#### What the task requires
Please transcribe the records precisely; pictures stay out of your copy.

#### Extracted records

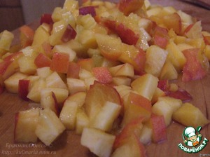 добавляем персики, натертый на мелкой терке имбирь и вливаем уксус.
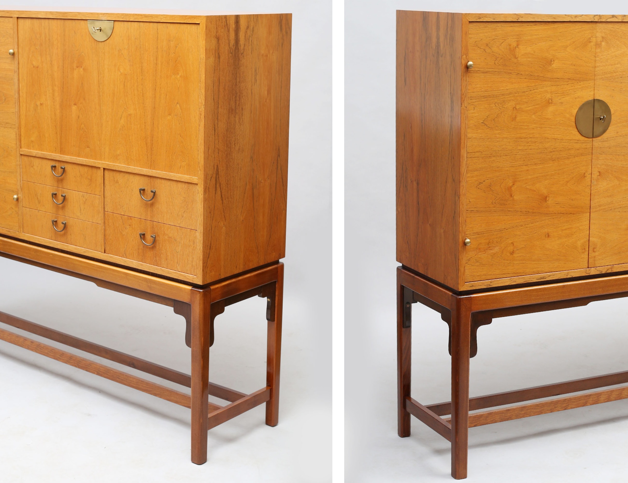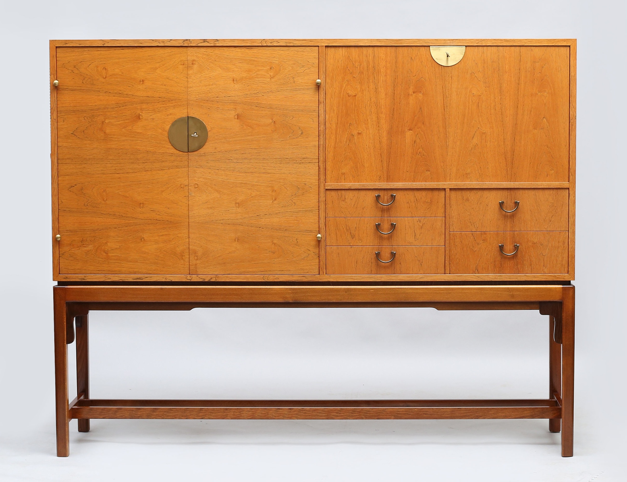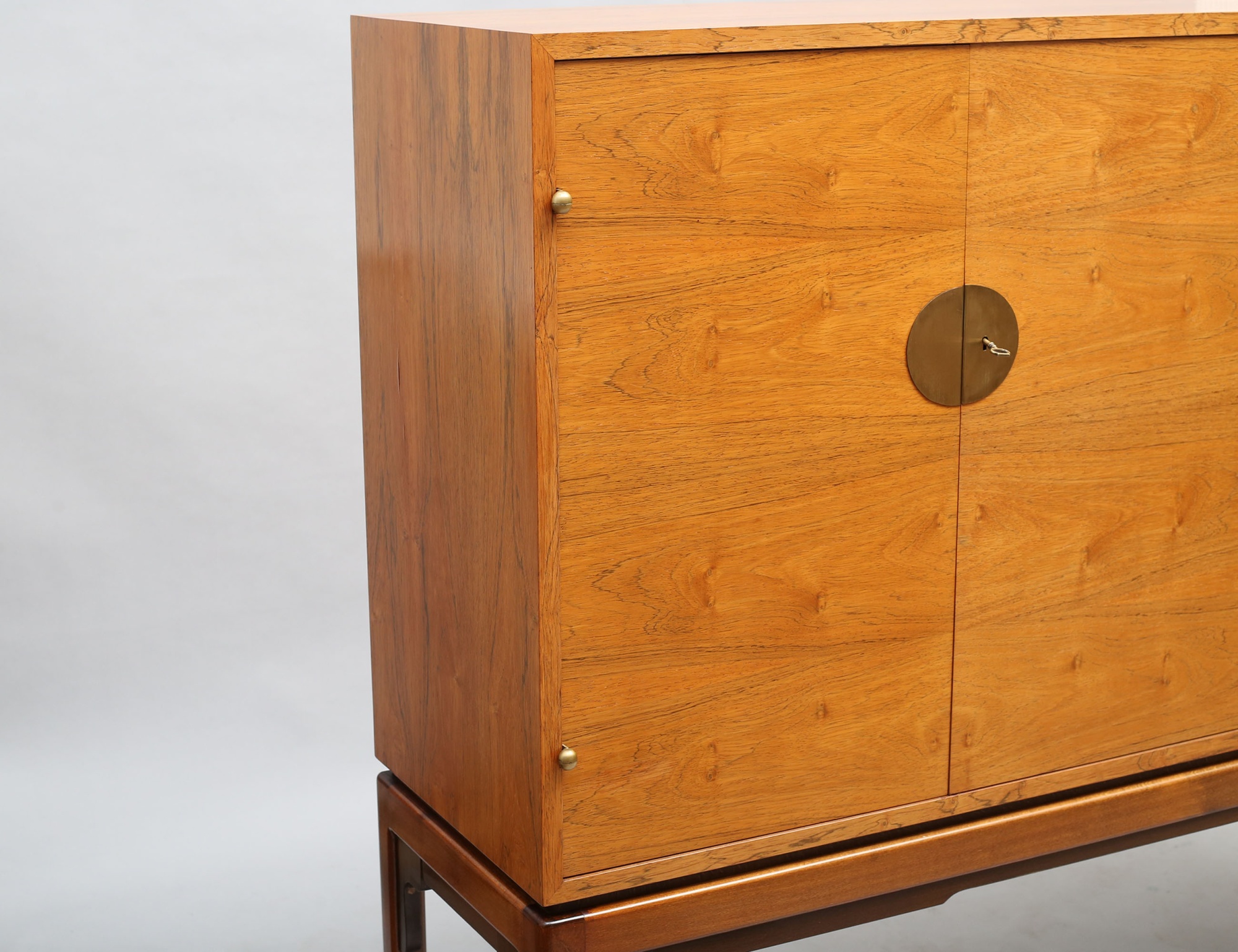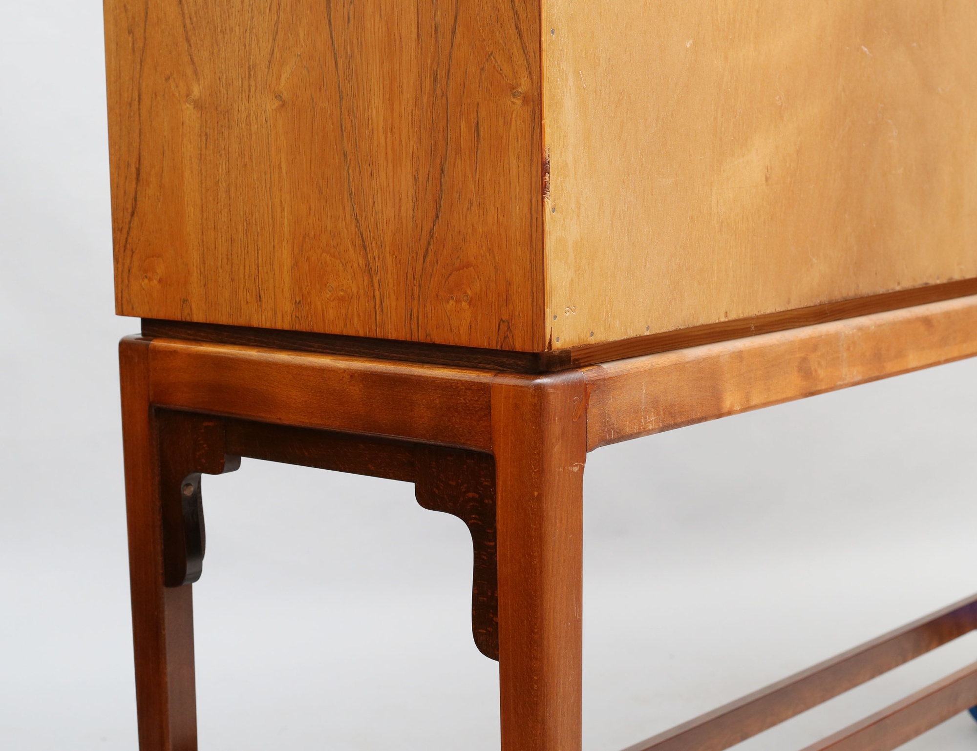oidentifierad formgivare, på benställning, jakaranda, fronten med två skåp varav ett med klaff, fem lådor, beslag och handtag av mässing, höjd 140, bredd 175, djup 43, citesintyg medföljer (obetydligt bruksslitage)
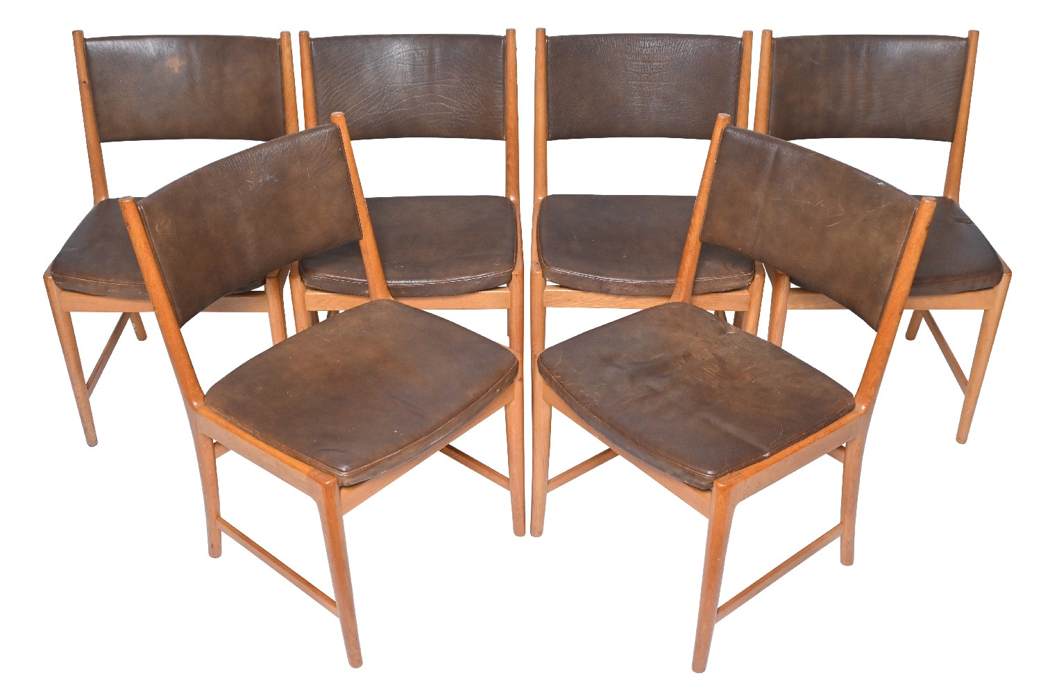 The chairs show consistent wear across both the frames and the leather itself.
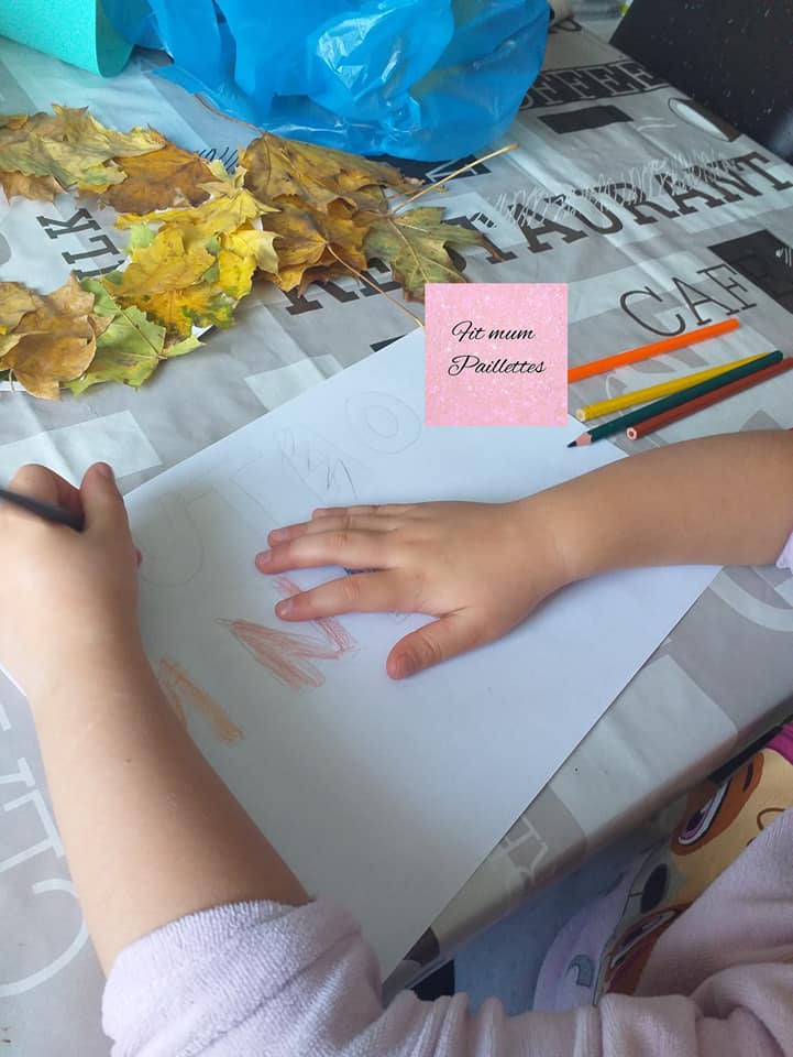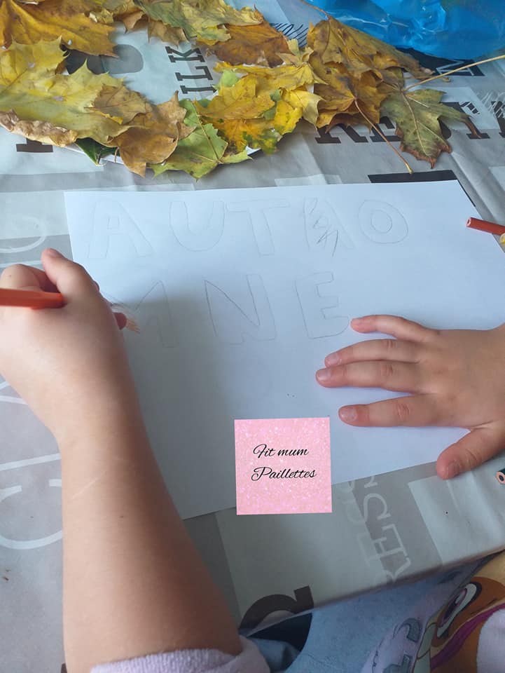 4) sur la feuille blanche écrivez les lettres que vous souhaitez , avec Baby fée nous avons choisi le mot AUTOMNE.
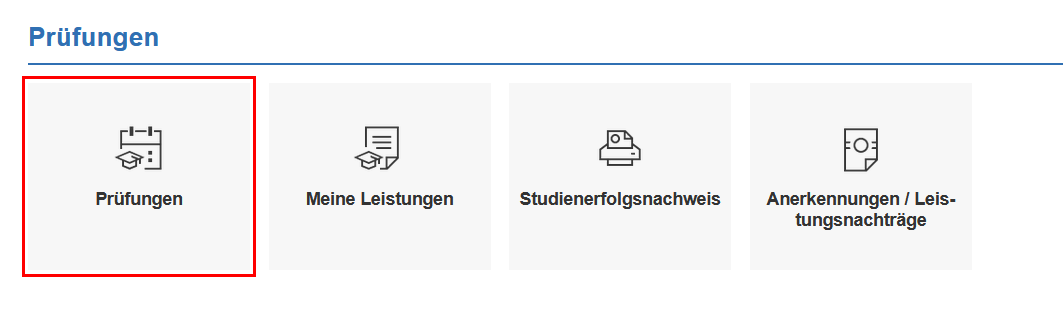 Klicken Sie auf die Applikation „Prüfungen“ und wechseln Sie in den Reiter „Meine Prüfungen“.
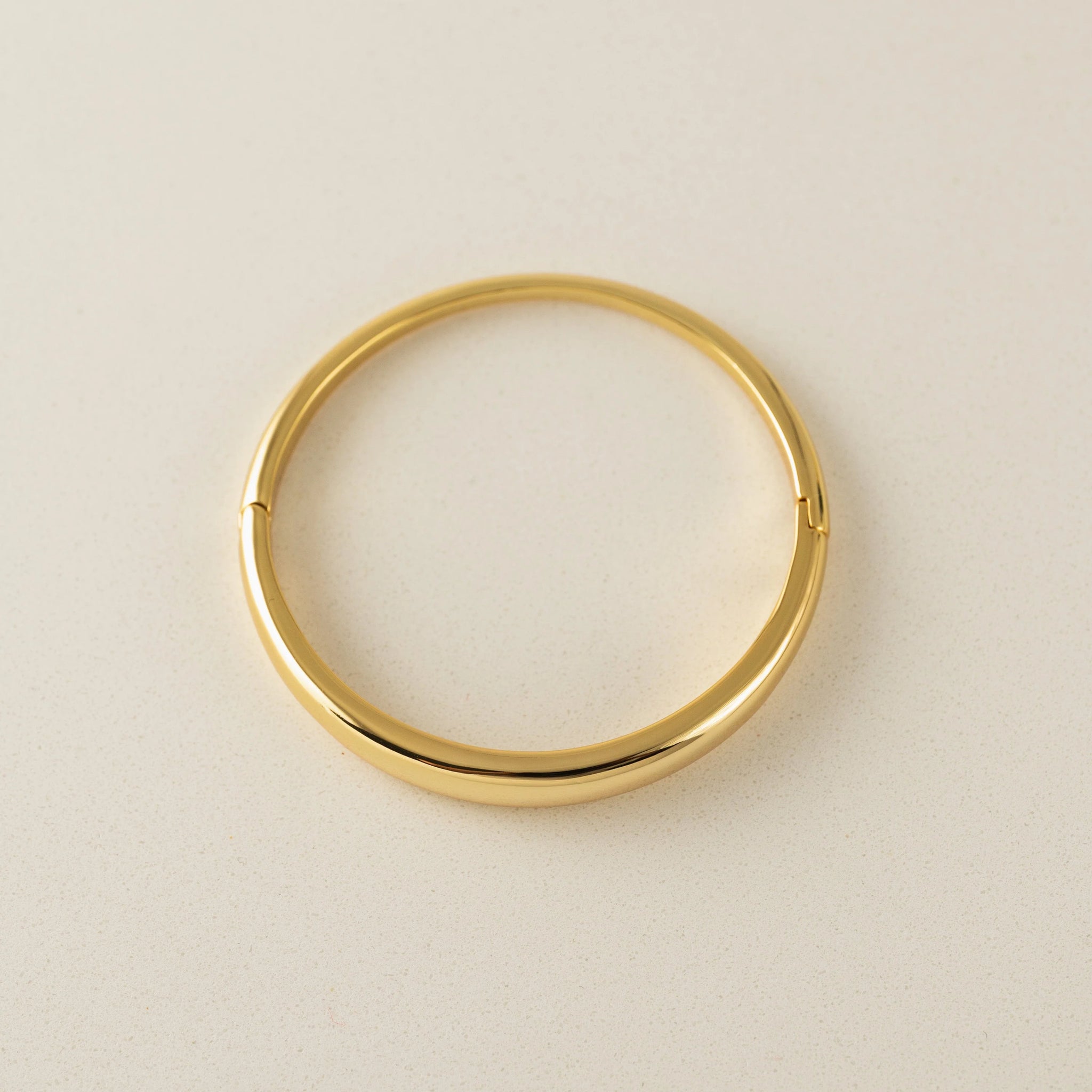 Lightweight yet bold, the Crest Click Bangle delivers understated luxury with its brass construction and luxe 14K gold plating. The satisfying click closure keeps it secure through your day, while the smooth, polished finish works beautifully solo or layered with other pieces. A gift-worthy staple that feels as good as it looks.
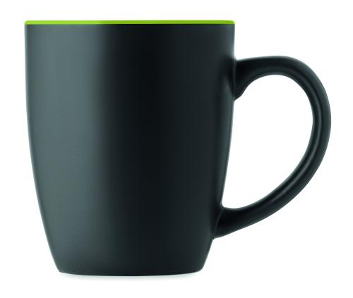 Black matt ceramic mug with shiny coloured inside. Capacity: 290 ml. With a special coating for laser engraving

#### Response box
 добавляем персики, натертый на мелкой терке имбирь и вливаем уксус.
oidentifierad formgivare, på benställning, jakaranda, fronten med två skåp varav ett med klaff, fem lådor, beslag och handtag av mässing, höjd 140, bredd 175, djup 43, citesintyg medföljer (obetydligt bruksslitage)
 The chairs show consistent wear across both the frames and the leather itself.
 4) sur la feuille blanche écrivez les lettres que vous souhaitez , avec Baby fée nous avons choisi le mot AUTOMNE.
 Klicken Sie auf die Applikation „Prüfungen“ und wechseln Sie in den Reiter „Meine Prüfungen“.
 Lightweight yet bold, the Crest Click Bangle delivers understated luxury with its brass construction and luxe 14K gold plating. The satisfying click closure keeps it secure through your day, while the smooth, polished finish works beautifully solo or layered with other pieces. A gift-worthy staple that feels as good as it looks.
 Black matt ceramic mug with shiny coloured inside. Capacity: 290 ml. With a special coating for laser engraving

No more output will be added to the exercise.